Перекидываясь с Расточкой
Как-то само собой всегда получалось, что при исчезновении одного из их компании, разговор сбивался на простую болтовню и вскоре затихал. Так и сегодня — через четверть часа наступило полное молчание, и, разъединившись, Сиф полез в электронную почту: уже дня два он забывал проверить «почтовый ящик».
А там его, оказывается, ждало очередное письмо от Крёстного — Сиф всегда звал его именно так, не спрашивая имени, — ещё вчера поздно вечером пришедшее. Значит, надо было всё-таки проверить почту раньше, ещё в Управлении, когда была такая возможность. Сиф очень не любил отвечать с запозданием — как будто выкроил случайно свободную минутку и подумал: «А давай-ка я кому-нибудь напишу…»
«И снова привет, любезный мой Маугли…»
Сиф глядел на экран несколько минут, собирая мысли в кучу, а буквы привычного обращения, к которому раньше не присматривался, — в слова. Сегодня он уже слышал это прозвище по отношению к себе. От человека, которого видел на войне, как раз тогда, в октябре.
— Ваше высокородие! — крикнул Сиф, обернувшись в сторону двери.
— Чего тебе? — отозвался через какое-то время полковник.
Сиф вместо ответа встал и отправился в кабинет: кричать через полквартиры — не самый удобный способ вести серьёзный разговор, хотя в остальных случаях они частенько перекрикивались с командиром минут по десять, вполне довольные таким положением дел.

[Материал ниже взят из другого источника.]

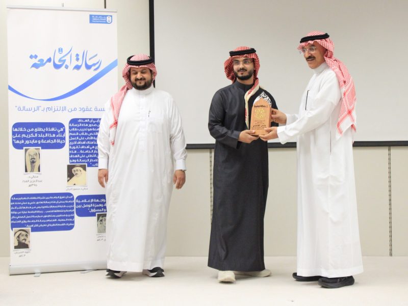 من جانبه، قدّم المشرف على صحيفة رسالة الجامعة، الدكتور محمد بن إبراهيم المستادي، شكره وتقديره لسعادة العميد على رعايته وحضوره، مؤكدًا أن الصحيفة مثّلت على مدى مسيرتها منصة تدريبية رائدة وبيئة ثرية لصناعة التجارب الجامعية المؤثرة، مبينًا أن الطلبة يشكّلون محور رسالة الصحيفة وغايتها الأساسية.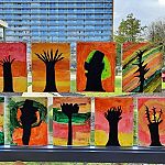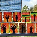Vorige week hebben de leerlingen de achtergrond gemaakt. Gisteren, om 09.10 uur, zijn we begonnen met het afmaken van de opdracht. Ze moesten een boom schetsen en uitknippen. Nog best lastig! Maar wat was het leuk om de dag te beginnen met een handvaardigheidsopsdracht!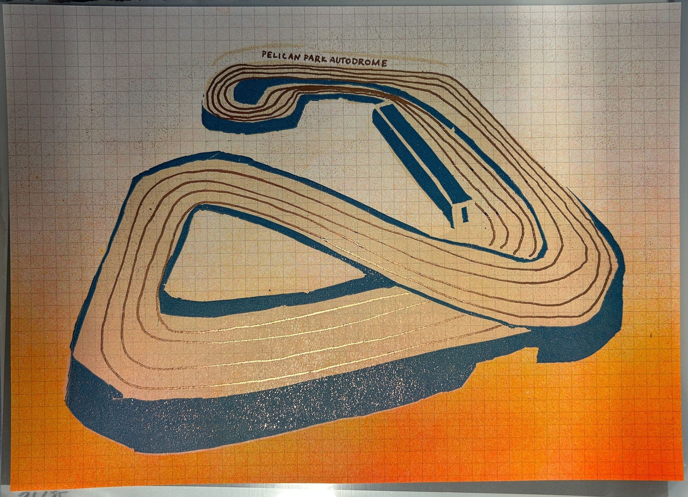 A small, colorful print of a racetrack the reads "Pelican Park Autodrome"Collection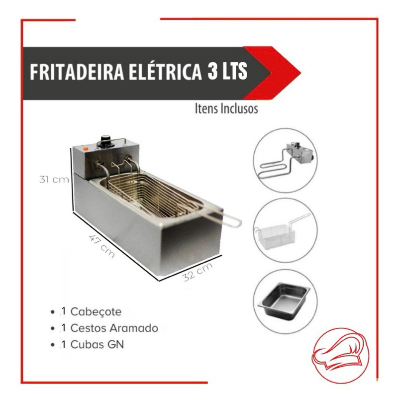 Fritadeira Elétrica 3L Cabeçote INOX óleo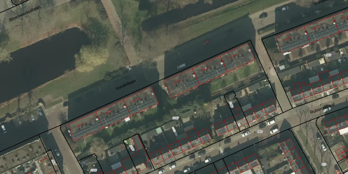 Vondellaan 126 is gelegen op kadastraal perceel HMD00E2287. Deze kadastrale aanduiding is uniek en wordt gebruikt door het Kadaster om eigendomsrechten en andere zakelijke rechten vast te leggen. Het perceel maakt onderdeel uit van de kadastrale gemeente Helmond.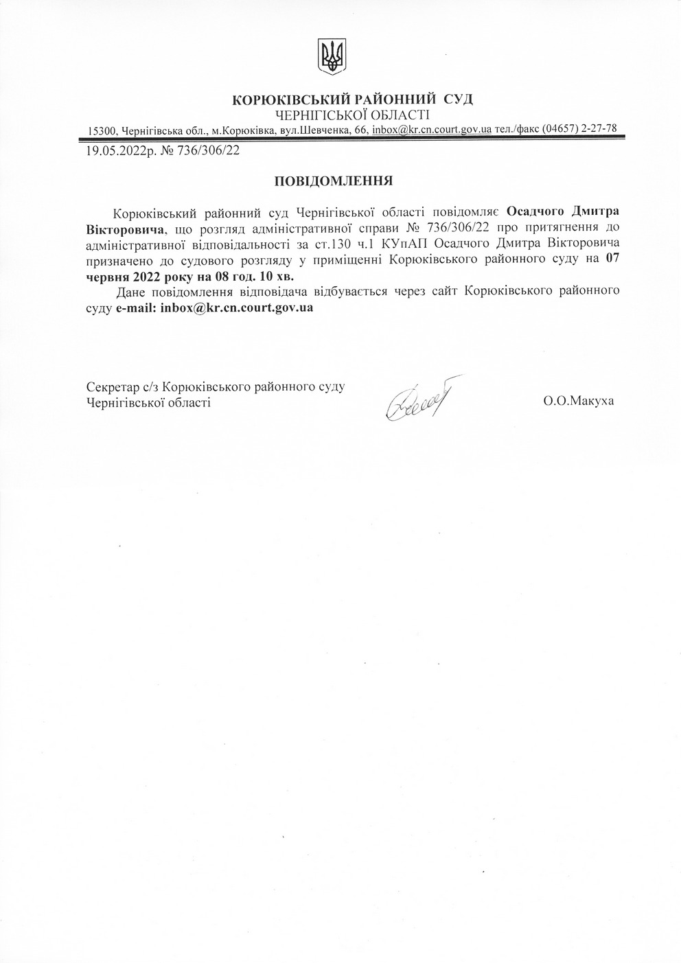Повідомлення від 19.05.2022 про виклик до суду Осадчого Дмитра Вікторовича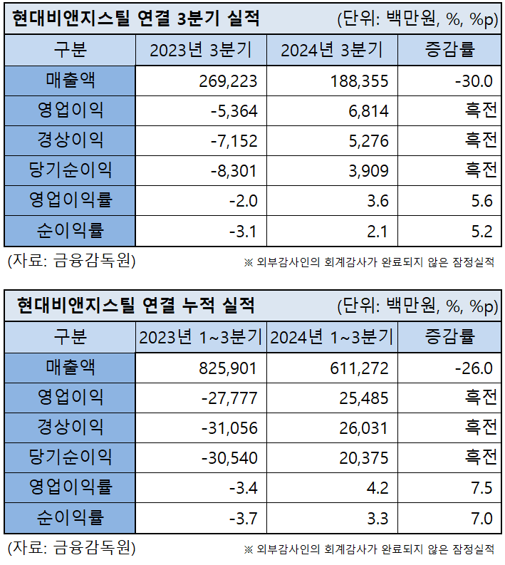 현대비앤지스틸은 3분기 연결 잠정 실적으로 영업이익 68억 1,400만 원, 당기순이익 39억 900만 원을 달성했다고 밝혔다. 전년 동기 53억 6,400만 원 적자, 83억 100만 원 적자에서 모두 흑자 전환하는 데 성공했다.

— Не маячь на пороге, входи уж, — Заболотин-Забольский нетерпеливо перевёл взгляд на облокотившегося о косяк подростка. Офицер сидел за столом и протирал клинок своей наградной сабли. Сиф подошёл к столу, прислонился к ножке коленом и пододвинул к себе одну из стоящих на столе фотографий. Долго разглядывал царственную осанку и полуулыбку позирующего.
— А кто мой крёстный?
— «А кто мой ближний?», как сказано в Евангелии, — откликнулся Заболотин. — Почему-то почти шесть лет ты этим вопросом не задавался.
— Так кто? — требовательно повторил вопрос Сиф.
Полковник пододвинул фотографию к себе, провёл пальцем по орнаменту рамки. У Сифа возникло твёрдое ощущение, что его командир прекрасно всё знает — но почему-то не хочет говорить.
— Может, спросишь это у него самого, а?
Сиф сердито пристукнул пальцами по столу. Он очень не любил, когда командир вот так переадресовывал вопросы.
— Не стучи, страшными бывают обычно сердитые генералы. Ну, может быть, полковники. Но точно не фельдфебели.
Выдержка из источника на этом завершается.